Não mais tentamos recordar algo, um livro, um filme, o nome de alguém. Já procuramos rapidamente o socorro do Google. Nosso tempo é de muletas para as lembranças. Não suportamos o lapso, não andamos com as nossas próprias pernas e sinapses.
Uma leitora, Maria Angélica, escreveu-me que concordava com o meu ponto de vista. Entretanto, ela relatou que me viu no espetáculo de Bibi Ferreira em 2017, e que eu não desgrudava do celular, a ponto de atrapalhar os outros, a ponto de sua amiga, sentada atrás de mim, bater no meu ombro para pedir mais decoro, já que eu estava atrapalhando a visão dela.
Logo respondi que não era eu, que jamais fui a uma apresentação de Bibi Ferreira, mesmo gostando muito dela. Expliquei que deveria ser um sósia — costumo receber mensagens de pessoas que me viram em Sorocaba ou Lisboa, apesar de eu não estar lá. Não tenho como controlar o comportamento dos meus clones.

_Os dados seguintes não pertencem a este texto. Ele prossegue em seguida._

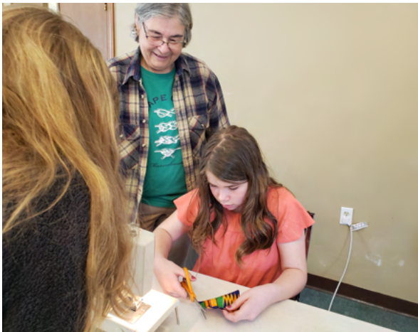
An HCA Grandma shares her talent for sewing with Grade 5

It has been said that it takes over 400 repetitions to create new synapses in the brain (true learning), unless it is done with play...then it takes less than 40 repetitions. I'm looking forward to all the fun and new synapses that will form as this year continues to fly by!
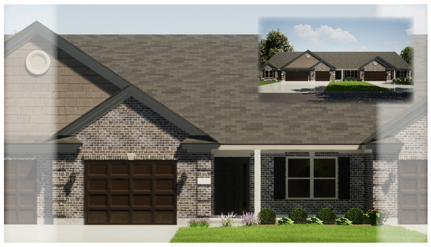
* Exterior elevation and colors may vary.

1105 East Bentley Troy, OH 45373 Middle Unit - Plan D
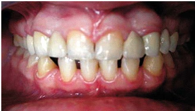
Fig. 8. Final restorative constructions

The grinding was carefully performed in a way taking off a minimal amount of hard tooth tissues, so the teeth vitality could be preserved. The treatment was completed with porcelain-fused-to-metal restorative constructions (fig. 8 and 9).
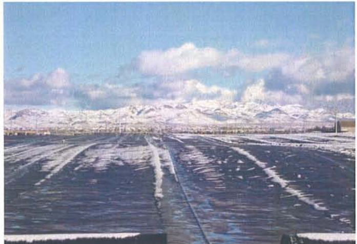
CAMU: BMI North Landfill. Now looking at black geocomposite liner.
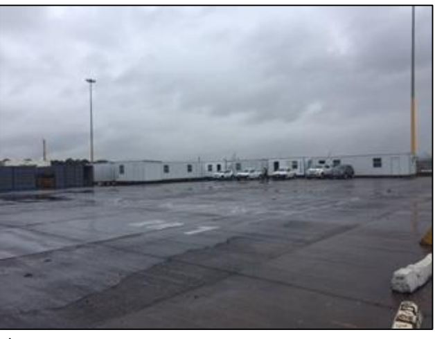
The establishment of the main contractor's camp-December 2019.

Maria Angélica insistiu: era eu.
“Tenho até uma foto do espetáculo da Bibi, o último dela em POA, onde aparecem a tua pessoa e a tua esposa. Talvez não lembres, tal o envolvimento com o celular que não lembres... Foi a última apresentação dela... aqui, linda de vermelho, uma noite de inverno frio... Sinto muito, mas foste, sim...”
Eu não me lembrava de nada. Perguntei a minha esposa, que também não se lembrava. Comecei a ficar nervoso com a situação. Solicitei a foto para Maria Angélica.
Afinal, como poderia ser capaz desse apagão da turnê de despedida da saudosa cantora e atriz Bibi, aos 95 anos?
Em vez de enviar a imagem, a leitora foi além: trouxe ainda mais detalhes assustadores da minha discutível presença. Sua descrição aumentou a minha insegurança com a minha sanidade.
“Foi em 2017... Bourbon Country e eras tu, pois quando adentraste à plateia, uma pessoa dirigiu-se a ti cumprimentando e pedindo autógrafo. E um jornalista da RBS, bem conhecido, foi em tua direção e vocês dois se cumprimentaram, e se abraçaram, e conversaram...”
Eu me encontrava diante de um mistério. Será que teria sido abduzido por esse monstro da virtualidade, ou um dublê merecia um prêmio de atuação, pois cumprimentava conhecidos e tirava selfies em meu lugar sem ser desmascarado?
Parei tudo o que estava fazendo no dia para catar vídeos no meu celular velho.
Vocês não vão acreditar, mas Maria Angélica tinha razão. Localizei cenas gravadas da diva Bibi Ferreira, no show Por Toda a Minha Vida, com o repertório contendo unicamente músicas brasileiras.
Aquela versão do Fabrício, há sete anos, não mais me representa. Já fui meu sósia piorado.
O celular assistiu ao derradeiro canto de cisne de Bibi, eu não.